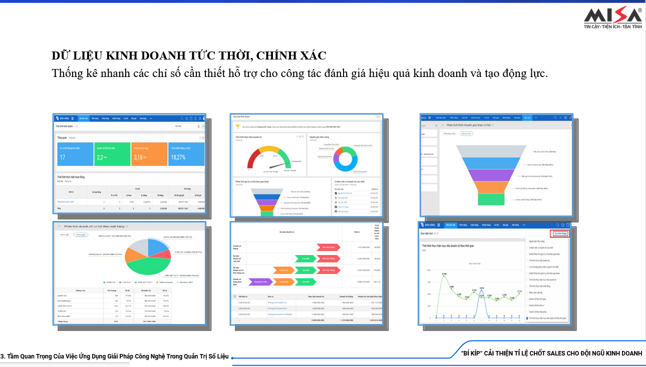 Cụ thể, hệ thống AMIS CRM còn giúp tối ưu toàn diện quy trình bán hàng, tăng khả năng chốt sale được thể hiện thông qua khả năng đưa ra dữ liệu phân tích nâng cao nhằm cải thiện tỷ lệ rời bỏ của khách hàng; tập trung vào nhóm khách hàng tiềm năng và loại bỏ sự lãng phí vào những người có ít khả năng mua. Đặc biệt, với việc đưa ra phân tích các chỉ số, báo cáo trực quan, phần mềm AMIS CRM giúp cải thiện 87% doanh số bán hàng một cách hiệu quả.
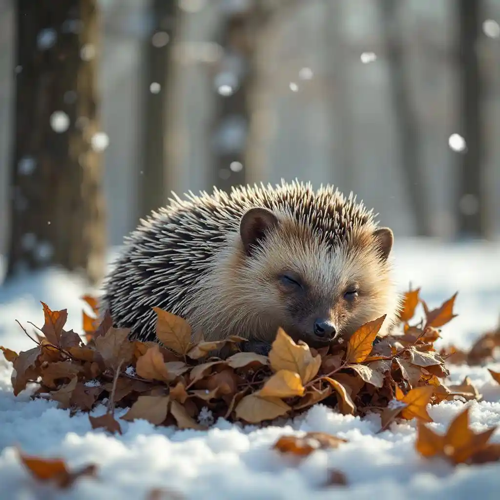 MilaIn a winter forest, a hedgehog sleeps in a pile of leaves.
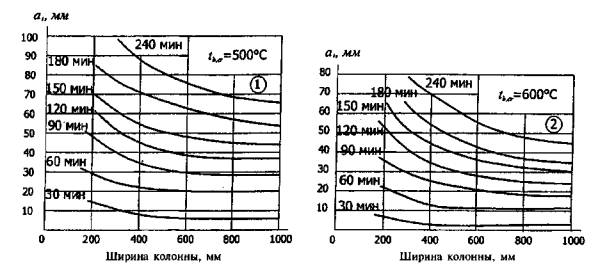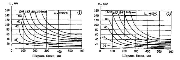 Рис. 5.2. Глубина прогрева at до критической температуры tb,cr в балке от нагреваемой грани сечения 1 - тяжелый бетон на силикатном заполнителе; 2 - то же, на карбонатном; 30-240 - время прогрева в минутах от стандартного пожара 4. Определяют прочность сечения железобетонного элемента от действия нормативной нагрузки при требуемом пределе огнестойкости. Если вычисленная прочность больше или равна прочности сечения от нормативной нагрузки до пожара, то требуемый предел огнестойкости обеспечен или для требуемого предела огнестойкости R определяют расчетом необходимую площадь растянутой и сжатой арматуры.
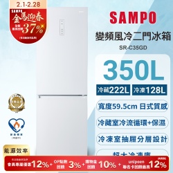 SAMPO聲寶 一級變頻350L玻璃兩門觸控面板上冷藏下冷凍冰箱 SR-C35GD 琉璃白含基本安裝+舊機回收$23,310$24,536
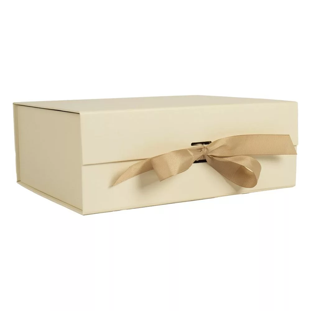 Összehajtható, bézs színű díszdoboz 33x25x12,5 cm méretben.

■ ■ ■ ■ ■ ■ ■

=== Task item ===
Skip every picture and transcribe the data above exactly.

=== Response box ===
 Cụ thể, hệ thống AMIS CRM còn giúp tối ưu toàn diện quy trình bán hàng, tăng khả năng chốt sale được thể hiện thông qua khả năng đưa ra dữ liệu phân tích nâng cao nhằm cải thiện tỷ lệ rời bỏ của khách hàng; tập trung vào nhóm khách hàng tiềm năng và loại bỏ sự lãng phí vào những người có ít khả năng mua. Đặc biệt, với việc đưa ra phân tích các chỉ số, báo cáo trực quan, phần mềm AMIS CRM giúp cải thiện 87% doanh số bán hàng một cách hiệu quả.
 MilaIn a winter forest, a hedgehog sleeps in a pile of leaves.
 Рис. 5.2. Глубина прогрева at до критической температуры tb,cr в балке от нагреваемой грани сечения 1 - тяжелый бетон на силикатном заполнителе; 2 - то же, на карбонатном; 30-240 - время прогрева в минутах от стандартного пожара 4. Определяют прочность сечения железобетонного элемента от действия нормативной нагрузки при требуемом пределе огнестойкости. Если вычисленная прочность больше или равна прочности сечения от нормативной нагрузки до пожара, то требуемый предел огнестойкости обеспечен или для требуемого предела огнестойкости R определяют расчетом необходимую площадь растянутой и сжатой арматуры.
 SAMPO聲寶 一級變頻350L玻璃兩門觸控面板上冷藏下冷凍冰箱 SR-C35GD 琉璃白含基本安裝+舊機回收$23,310$24,536
 Összehajtható, bézs színű díszdoboz 33x25x12,5 cm méretben.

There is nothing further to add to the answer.